Objective: Non-small cell lung carcinoma (NSCLC) is one of the leading causes of death in the world. Lymph node metastasis is not only an important factor in estimating the extent and the metastatic potential of an NSCLC but also in prognosticating the patient outcome. Preoperative prediction of lymph node metastasis might greatly facilitate the choice of appropriate surgical and medical options in patients with NSCLC.
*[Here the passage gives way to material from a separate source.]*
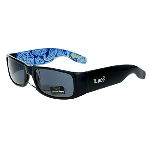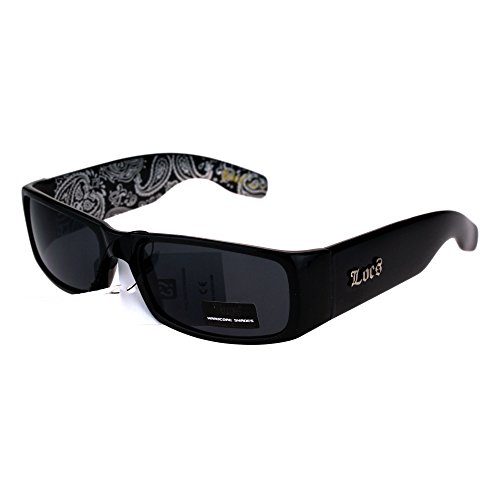 (PASTL)/Accessories/Eyewear/DIRECT FROM USA/Locs Sunglasses Mens Black Rectangular Frame Paisley Bandanna Print

Methods and results: Using a cDNA array, we analyzed the expression profiles of 1,289 genes in 92 cancer tissues of NSCLC (37 squamous cell carcinomas and 55 adenocarcinomas). We divided the patients into two groups (classes) for each of various pathological factors, such as lymph node metastasis and pT-stage. For each pair of classes, we searched for an optimal combination of genes to classify the cases using a sequential forward selection algorithm starting from a gene set that showed significant difference in expression between the classes. We used the leave-one-out error cross-validation on a k-nearest neighbor classifier to sequentially choose the gene. Using the optimized set of genes, it was possible to stratify the patients for lymph node metastasis (pN-stage) and pT-stage at, respectively, 100% (23 genes) and 100% (55 genes) for cases with squamous cell carcinomas and 94% (43 genes) and 92% (35 genes) for those with adenocarcinomas.
Conclusion: We conclude that expression profiling using feature selection provides a powerful means of stratification (personalization) of NSCLC patients and choice in treatment options, particularly for factors such as lymph node metastasis whose radiological diagnosis is presently incomplete.